Qanon nutter splinter group, 2019. (Photograph Marc Nozell).


            Both books claim that conspiracy theories must be seen as political artefacts, rather than mere epistemological puzzles. But their political diagnoses differ in mood and sophistication. For Cassam, ‘conspiracy theories are first and foremost forms of political propaganda. They are political gambits whose real function is to promote a political agenda.’ This political function is, Cassam claims, a key part of what distinguishes Conspiracy Theories (capital ‘C’, capital ‘T’) proper from garden variety theories that just happen to be about conspiracies. To believe that Guy Fawkes tried to blow up the houses of parliament, or that Al-Qaeda operatives brought down the Twin Towers does not a conspiracy theorist make.
            Cassam rightly stresses that a theory may function as propaganda regardless of whether its proponents believe it.

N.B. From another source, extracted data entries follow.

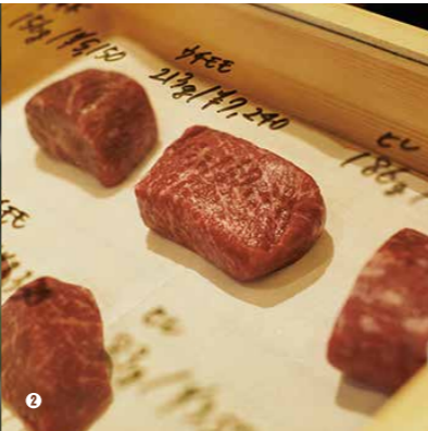
② 京都の名店出身の料理長のこだわりメニューと、厳選して仕入れた国産和牛の薪焼き肉に合わせて、月替わりのワインを提案。/ Arcoba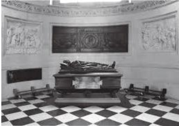
काथेड्रलभित्र रहेको चिहान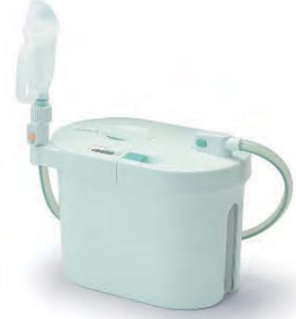
男性用セット (本体+男性用レシーバーセット)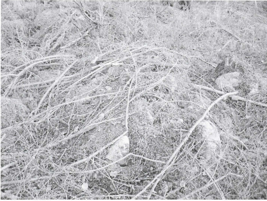
Kuva 3. Hakuutähteen peittämä röykkiö kohteessa. Kuvattu lounaasta.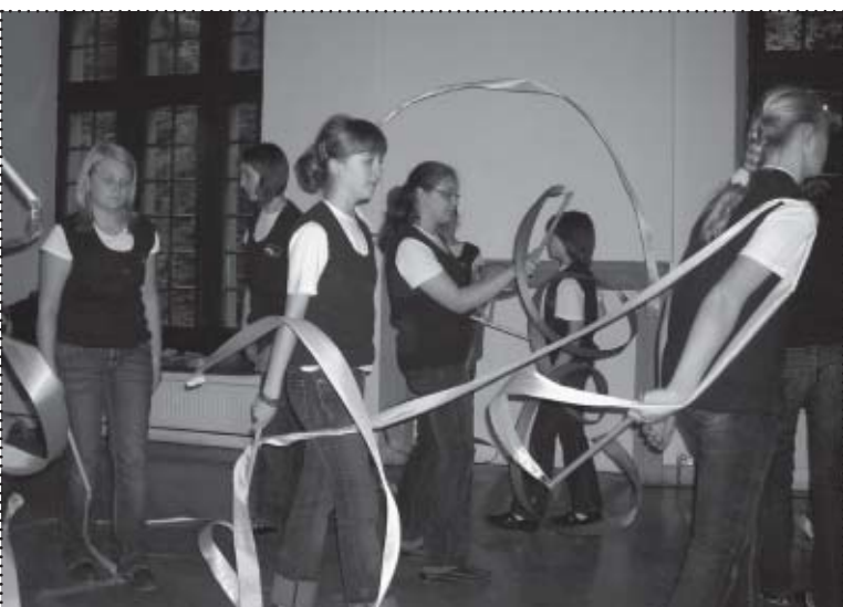
Koncert „Dzieci rodzicom” – Grupa rytmiczna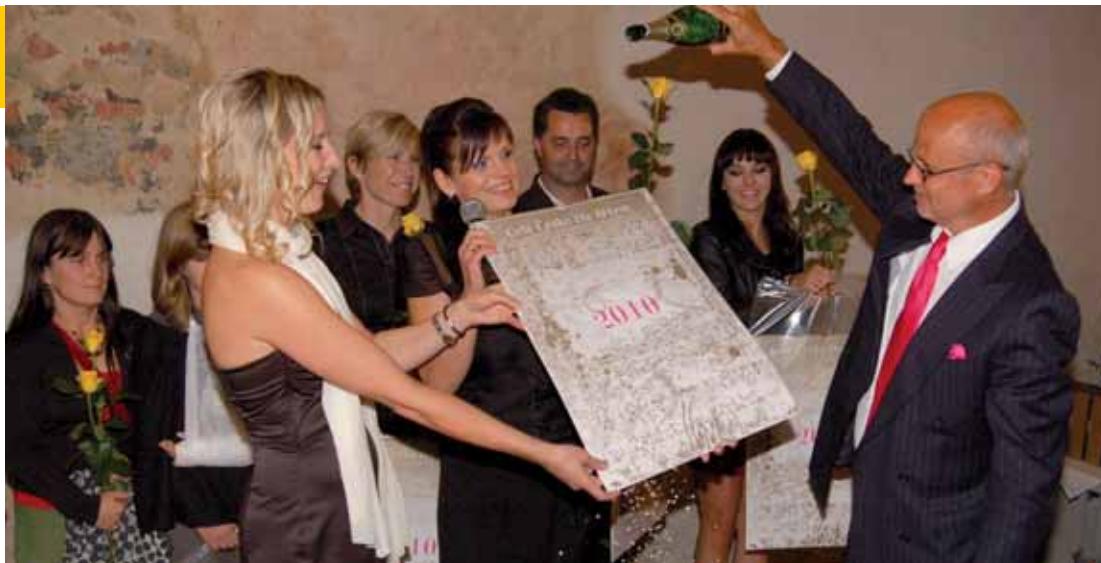
Kalendář Celé Česko čte dětem 2010 pokřtil producent a textař Michal Horáček.

Grafický návrh kalendáře je dílem Aleše Najbrta, jednoho z nejžádanějších českých grafiků. Do projektu Celé Česko čte dětem se již zapo-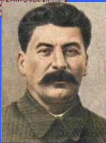
Сталин Иосиф Виссарионович 1879 - 1953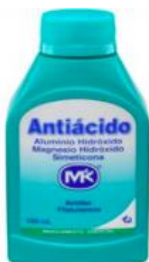
ANTIACIDO MK X 150 ML - CAJA X 12 UDS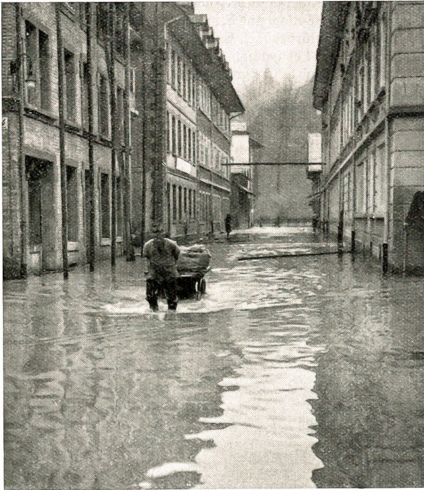
Die Stadt Bern — unter Wasser, November 1944 Die Aare führt Hochwasser! Die Fluten nehmen im Berner Matte- Quartier beängstigende Ausmaße an.

But once this is made overt, it becomes hard to see the functional difference between the true claim that Al-Qaeda brought down the Twin Towers (not a conspiracy theory) and the bogus claim that it was an inside job (conspiracy theory). Both claims have been used to further political agendas, and the former with rather more success than the latter (see: Afghanistan). What prevents the former from being propaganda, then? It can’t be its truth: true claims often act as propaganda — all lives, after all, do matter. Cassam attempts a fix: Conspiracy Theories proper differ from theories about conspiracies not in having a political function per se but in being ‘essentially’ political; unlike mere theories about conspiracies, a Conspiracy Theory’s political purpose is its raison d’être. This is either deliberate obfuscation or peak liberal naiveté: no decent understanding of even the most truthful of post-9/11 rhetoric could cast it as anything other than ‘essentially political’.

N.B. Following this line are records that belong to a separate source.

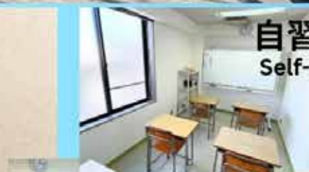
自習室 Self-study room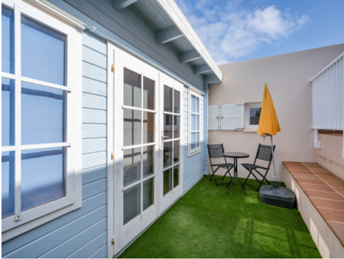
Gästehaus im Garten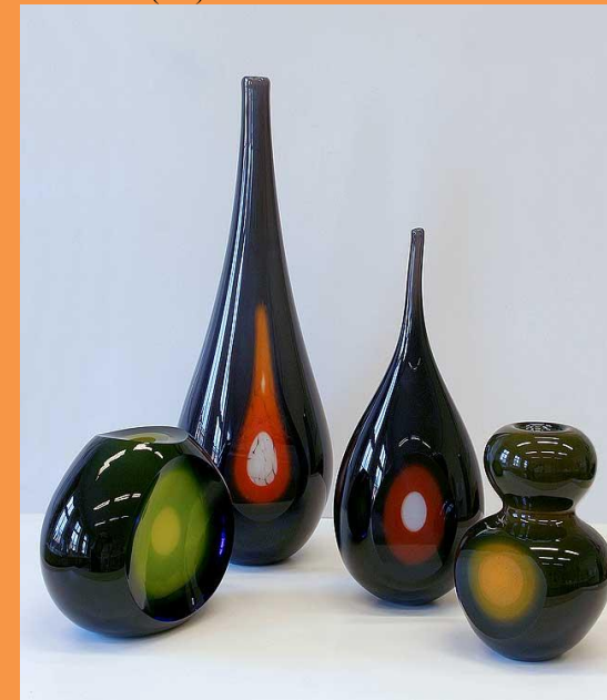
Lenka Pernická (A3)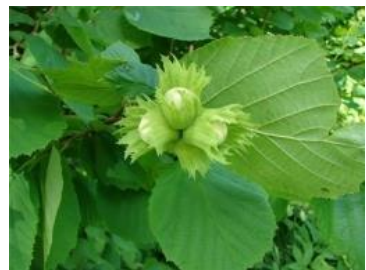
е) Орешник (лещина обыкновенная)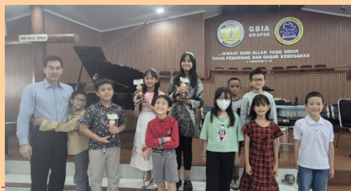
Lomba Cerdas Cermat Alkitab Kids

            The political scientists do politics better. Muirhead and Rosenblum see new conspiracist rhetoric as having two core functions, both centred on delegitimizing the institutions that ‘make democratic government and politics possible’: knowledge-production and political parties. The first thought is the stuff of stock political commentary, made almost irresistible by Michael Gove’s infamous remark that ‘the British people have had enough of experts’. Gove’s affected epistemic populism has been a boon for reactionary technocrats eager to pathologise an ignorant public and impose elite gatekeeping on social media. Muirhead and Rosenblum are more ambivalent. They are clear that ‘specialized knowledge is essential to democracy’, but equally clear that it challenges democracy by raising ‘the spectre of rule by experts’. They quote Albert Einstein with approval: ‘Into the village square we must carry the facts of atomic energy’.

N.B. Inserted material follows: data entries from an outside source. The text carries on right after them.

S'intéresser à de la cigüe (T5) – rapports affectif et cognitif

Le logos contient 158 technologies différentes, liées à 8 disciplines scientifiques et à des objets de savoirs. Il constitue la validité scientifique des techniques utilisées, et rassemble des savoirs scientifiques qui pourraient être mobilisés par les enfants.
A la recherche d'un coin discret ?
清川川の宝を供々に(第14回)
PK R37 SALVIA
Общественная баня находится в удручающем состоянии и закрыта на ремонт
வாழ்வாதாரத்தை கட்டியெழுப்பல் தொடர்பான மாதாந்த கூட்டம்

            The new conspiraicism’s attitude to expertise is more corrosive than its forebears’. Old-fashioned conspiracy narratives ran counter to ‘common-sense’ but those counter-narratives had enough stability and depth for belief in those counter-narratives to simulate real knowledge, and so pay it the tepid tribute always paid by imitation.  The new conspiracism aims at jumble and disorientation rather than stability: it does not seek to mimic knowledge and pays it no tribute. Its aim is not to contest which opinions should be counted as knowledge, or who has it, but something far more radical: to abolish knowledge as an epistemic ideal.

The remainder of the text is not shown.